Department of Health (DoH), Commission on Higher Education (CHED) and the State Universities and Colleges (SUC's); institutions under the Office of the President and the Housing Agencies. In line with the vision of ensuring that the poorest sectors benefit substantially from the growth momentum, we will increase the budget of the Department of Health by Ph34 billion from the current year’s budget, to pursue Universal Health Care, particularly for preventive healthcare services and for health insurance coverage for 14.7 million poor and near-poor families.
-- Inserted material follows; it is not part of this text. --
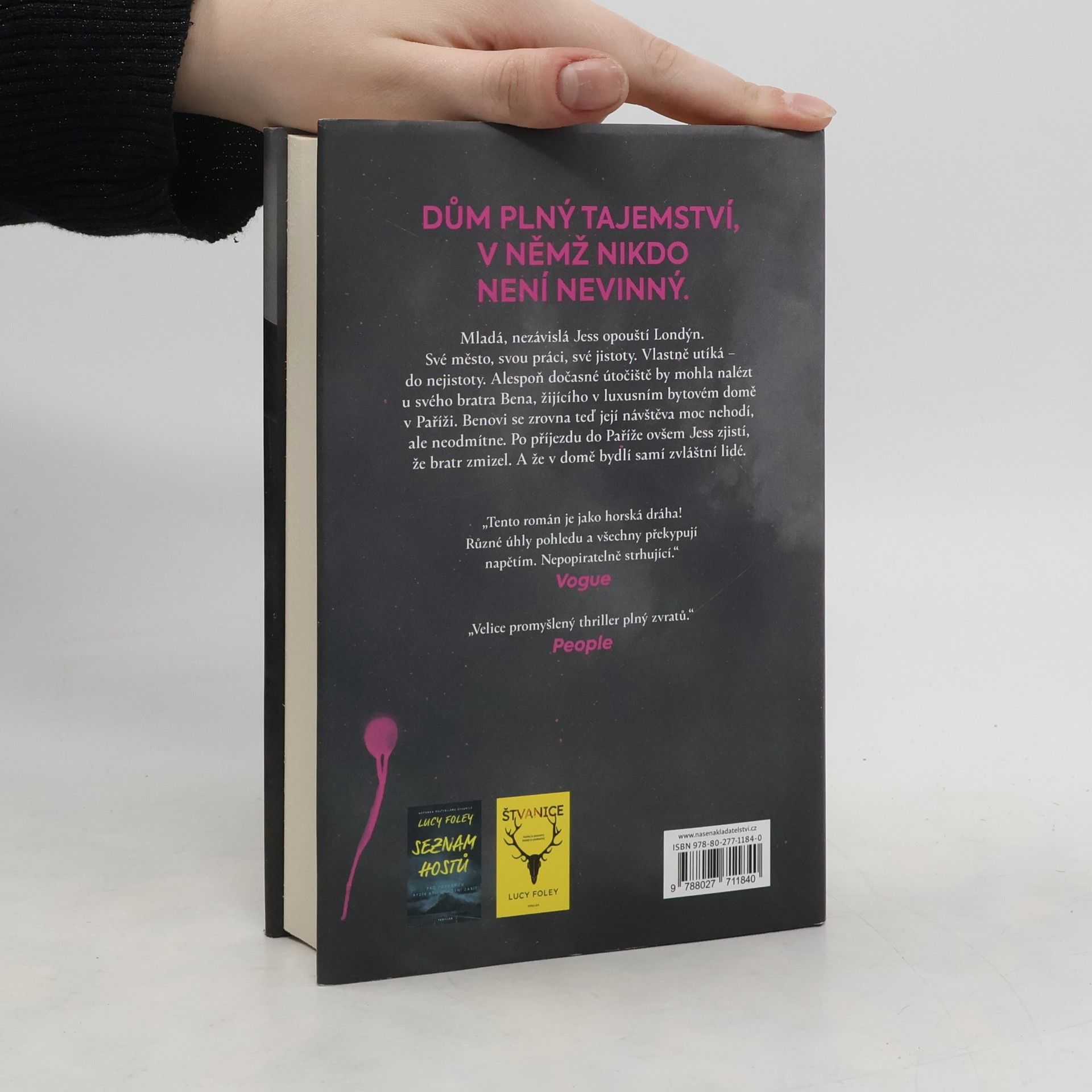 Jess se ocitla ve složité situaci. Je na mizině, přišla o práci a potřebuje někam zmizet. Když zavolala svému nevlastnímu bratrovi Benovi a zeptala se ho, jestli by mohla na nějakou dobu zůstat u něj, moc nadšený nebyl, nakonec ovšem souhlasil. A v přepychovém bytě v Paříži jí jistě bude lépe.Po příjezdu ovšem zjistí, že její bratr zmizel. A že v domě bydlí samí zvláštní lidé. Lidé, kteří mají svá tajemství a kteří se ji odtud snaží vystrnadit. Jess se nevzdává, o bratrovi se jí však nic zjistit nedaří a místo odpovědí má jen další a další otázky. Napětí v domě graduje. Proč se sousedé chovají tak podivně? Co před ní skrývají? A je vůbec Ben ještě naživu?Dáma z vyšší společnosti a její despotický manžel. Alkoholik, jemuž utekla žena. Sympaťák, co se snaží pomoct. Psychicky nemocná dívka. Záhadná domovnice, které nic neunikne.Všichni jsou podezřelí. Všichni něco ví, ale mlčí. A všichni udělají cokoliv, aby jejich strašlivá tajemství nikdy nikdo neodhalil…

The PhP 85.12 billion proposed appropriation for health next year is seen to accelerate our progress in the achievement of the health MDGs by infusing funds for immunization, deworming and micronutrient supplementation for children. It will also lower the number of mothers dying of childbirth by training and deploying health personnel to poor localities and improving health facilities around the country. It will also fund programs for the control and prevention of infectious/emerging diseases such as HIV/AIDS, tuberculosis and malaria. To help our young people realize their individual and collective potentials and consequently, spur the country’s competitiveness, we will increase the budget for the Commission on Higher Education by PhP 5.37 billion next year to provide assistance, scholarships

and incentives. Aside from expanding access to education and training, CHED’s PhP 8.15 billion budget for 2014 will aid in the development of competencies required for inclusive growth, particularly in key employment generating sectors. State Universities and Colleges will also receive an additional Php 1.87 billion in their budget. Programs of offices in charge of coordinating poverty alleviation efforts, of pursuing peace between the government and other groups, and of overseeing the welfare of women and athletes will also be adequately funded next year. On the other hand, the budget for housing agencies faces the daunting challenge of providing shelter to an increasing number of poor Filipinos whose homes have been destroyed by calamities both natural and man-made. This is where we have to tap the private sector to get actively involved in housing and land development and call on our banking sector to augment limited public funds in reducing our housing backlog. Mr. President, in the aftermath of Yolanda, it is up to us to translate to majority of our country men what a positive economic outlook means. By passing a National Budget that allocates efficiently and responds effectively to their needs, we give them a fighting chance not just to merely survive, but to be

productive and live with dignity. It is up to us to make them see a glimmer of hope beyond the rosy figures.